Conducting forensics of mobile devices to find signs of a potential compromise
8 comments
·March 17, 2025transpute
that_lurker
Unless I remember incorrectly doesn’t iOS do an integrity verification at system boot.
transpute
Has anyone seen an iOS device fail to boot due to an integrity violation?
Whatever it's verifying is insufficient to stop persistent iOS malware, hence the existence of the MVT toolkit, which itself can only identify a small subset of real-world attacks. For evidence, look no further than the endless stream of zero-day CVEs in Apple Security Updates for iOS. Recovery from iOS malware often requires DFU (Device Firmware Update) mode reinstallation from a separate device running macOS.
Non-persistent iOS malware can be flushed by a device hot-key reboot which prevents malware from simulating the appearance of a reboot.
Joel_Mckay
Most modern malware is not disk resident, as it has a higher probability of persisting by re-infection with an undocumented zero-day.
For example, people that play games that bind the GPS location services will find interruptions magically stop for awhile after a cold power-off, and power-on restart. Or the battery performance suddenly stops quickly losing power in standby, as recording/image capture was burning power and data budgets.
Ultimately, a smartphone is impossible to fully secure, as the complexity has a million holes in it regardless of the brand. And Gemini is a whole can of worms I'd rather not discuss without my lawyer present. =3
heavymetalpoizn
[dead]
mindslight
I recently had the "pleasure" of reading over a criminal forensic investigation report. It was harrowing. The report was basically like "we ran virus check and it reported clean so nobody could have accessed the system remotely" and then it moved right along to the next thing. The logic felt more dubious than some of the court scenes from Idiocracy. And it had been produced for defense counsel and paid for by the defendant.
vaylian
Did the defendant argue that the system was compromised and that they therefore did not commit the crime?
truekonrads
iVerify uses diagnostic logs for hunting. Give it a go
iOS, https://docs.mvt.re/en/latest/ios/methodology/
> You will need to decide whether to attempt to jailbreak the device and obtain a full filesystem dump, or not.
Since Apple won't allow iDevice owners to access an unredacted raw disk image for forensics, iOS malware detection tools are hamstrung. The inability to fully backup devices means that post-intrusion device restore is literally impossible. Only a new OS version can be installed, then a subset of the original data can be restored, then every app/service needs to re-establish trust with this newly "untrusted" (but more trustworthy than the previously trusted-but-compromised) device.

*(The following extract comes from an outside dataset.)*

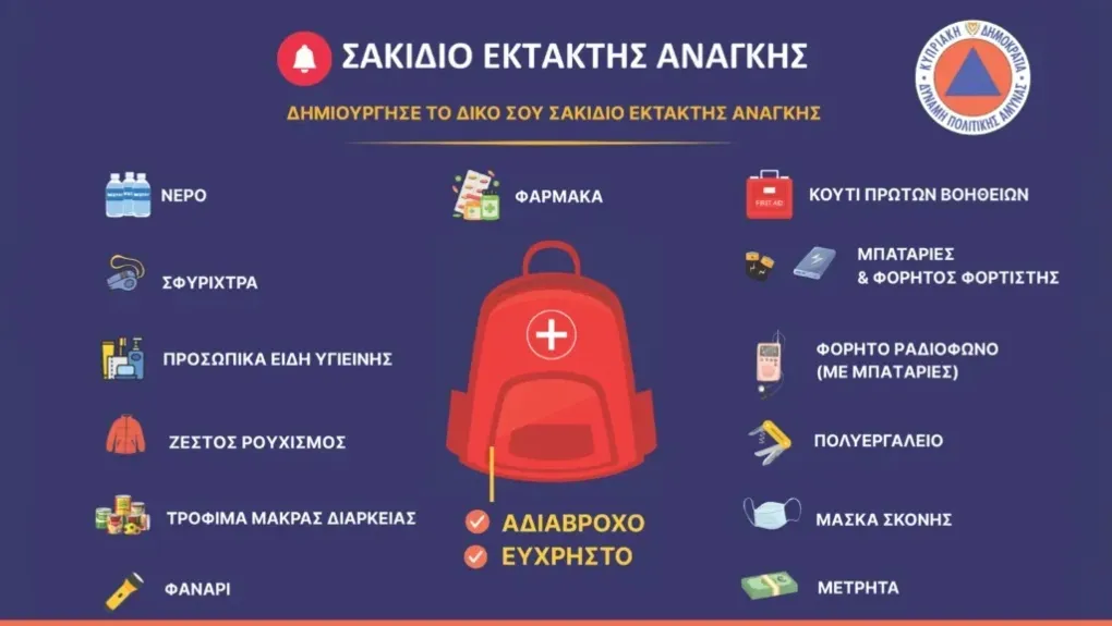 Άμεση έκκληση προς το κοινό για την οργάνωση ενός «Σακιδίου Επιβίωσης» στο πλαίσιο προληπτικών μέτρων εξέδωσε το κυπριακό Υπουργείο Εσωτερικών.

In theory, Apple could provide their own malware analysis toolset, or provide optional remote attestation to verify OS and baseband integrity.
In the absence of persistent disk artifacts, the next best option is behavioral analysis, e.g. usage anomalies ("dog that did not bark") in CPU, battery, storage or network. Outbound network traffic can be inspected by a router and compared against expected application and system traffic. This requires an outbound firewall where rules can specify traffic by wildcard domain names, which are widely used by CDNs. Apple helpfully provides a list of domains and port numbers for all Apple services.